Se aproximou da cama, erguendo-o com cuidado pelo tronco com um braço, usando a outra mão para ajeitar os travesseiros e colocá-lo no lugar, mas só se lembrou de um pequeno detalhe ao se sentir observado: Mikaru tinha sono leve. Muito leve.
– Ah… desculpe. – murmurou, sorrindo envergonhado, se sentando ao seu lado na cama – Não queria te acordar.
– Você sabe que isso é impossível. – veio a resposta de Mikaru, também em tom baixo, enquanto ele mesmo se ajeitava melhor no colchão – Não precisa se preocupar, cochilei há pouco tempo.
– Mesmo assim, atrapalhei o que recomendei que fizesse. – Katsuya estendeu a mão em direção à face do outro, mas se deteve por um segundo, mudando a direção e tocando-lhe a testa, como a medir sua temperatura – Como se sente?
– Estou bem. Foi só um mal-estar.
– Sobre isso… eu sei que você não gosta de falar a respeito, mas devia procurar ajuda médica.
– Me conta uma novidade… – suspirou frustrado, se virando mais uma vez na cama, de modo a ficar quase de costas para Katsuya – Era o que faria depois de pedir ao meu namorado que me acompanhasse na consulta, mas ele acabou me dispensando.
– Você e minha mãe tiraram o dia pra me deixar com a consciência pesada, não é? – coçou a nuca nervosamente, olhando de relance para Mikaru, que não se deu ao trabalho de amenizar o peso em suas costas. Ele estava mesmo chateado – Eu sei que fui um idiota com você, mesmo dizendo antes que não ia te magoar… acho que essa coisa de provas e estudar sem parar me desgastou um pouco…
– Coloque na sua cabeça que é impossível manter um relacionamento sem magoar o outro, nem que seja um pouco. Eu sei que tem coisas que faço e que te magoam muito, mas você releva, ignora, finge que não ouviu. – resmungou ainda deitado de costas, cruzando os braços numa forma de proteção – Talvez você não note, mas eu passei a frequentar lugares e sair mais porque eu sei que você gosta e quer me levar pra conhecer. Você aguenta muita coisa por minha causa e eu também, mas sempre vai ter um momento que algum de nós vai chegar ao limite. E agora foi sua vez.
– Uau… estou ouvindo um sermão seu! – Katsuya comentou em tom de brincadeira, mas estava um pouco incrédulo. Mikaru podia ser compreensivo quando queria e isso era novo. Discutir com ele, e por motivos bobos, quase chegava a ser parte da rotina.
– Não é um sermão… só comentei o que penso a respeito… – Mikaru suspirou fundo, os olhos se fechando conforme ia expirando e a expressão se tornando mais relaxada.
– Mikaru? Esta se sentindo bem mesmo?
– Uhum… – resmungou em resposta, a mão tateando à procura da coberta, puxando até cobrir onde alcançava – Remédio… dá sono…

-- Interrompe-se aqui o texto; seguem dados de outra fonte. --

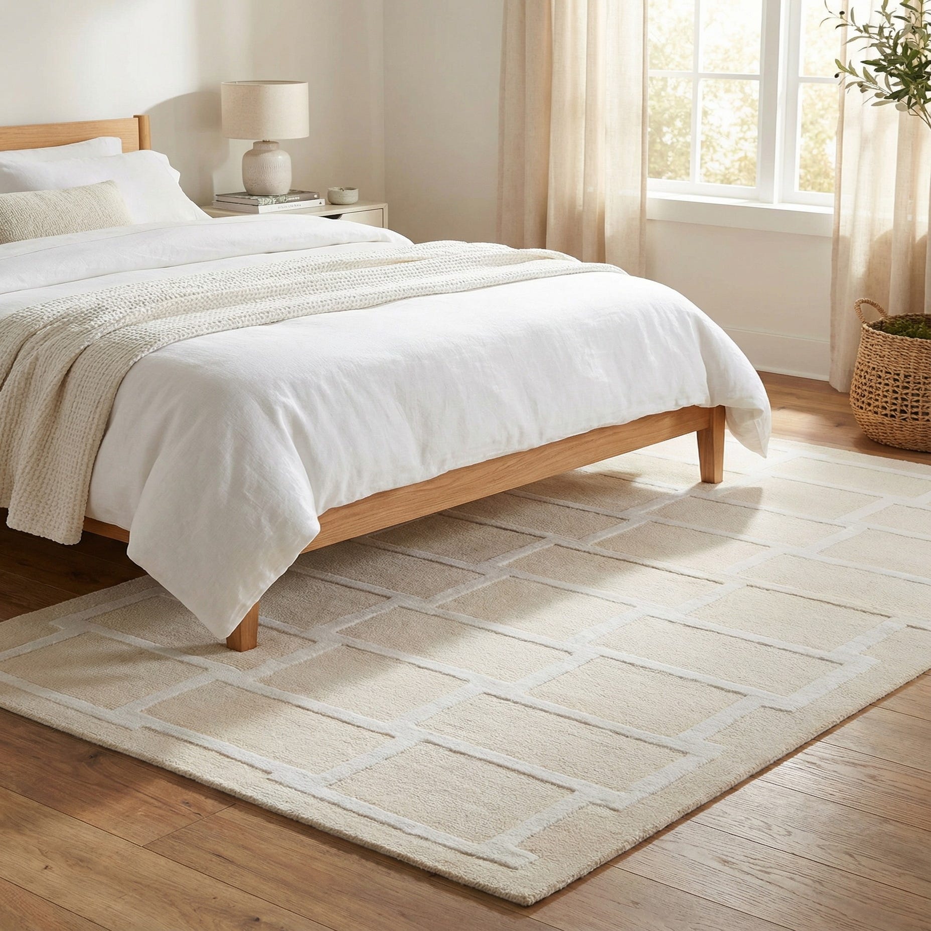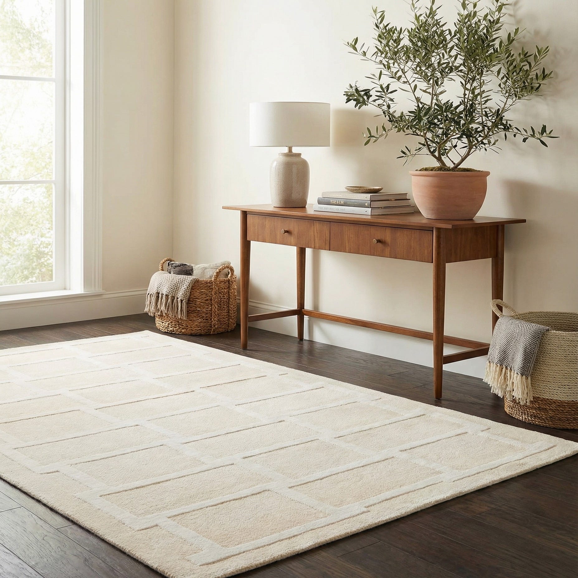 Primary color is Beige. Colors in this rug include: Beige, Ivory.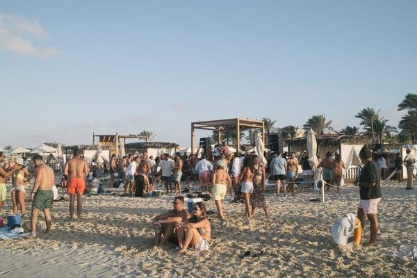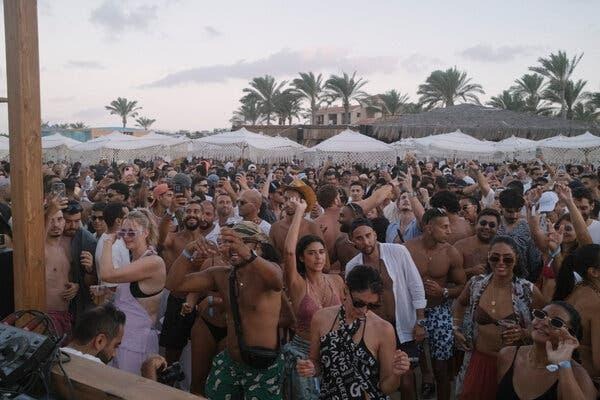 رجال ونساء، يرتدون ملابس شاطئية متحررة، و يرقصون في أحد المهرجانات داخل مجمع خليج ألماظة في الساحل الطالح، المعروف بـ “الساحل الشرير”

– Entendi… eu vou estar por perto se precisar de alguma coisa. – só quando teve certeza que Mikaru havia pego no sono novamente é que Katsuya teve coragem de estender a mão em sua direção, acariciando-lhe os cabelos com cuidado. Tinha receio de ser afastado e com toda razão. Suas atitudes recentes foram desprezíveis. Esperaria o namorado acordar para conversar mais uma vez, com calma e falando tudo que fosse necessário, pedindo as devidas desculpas e torcendo para não ser dispensado definitivamente.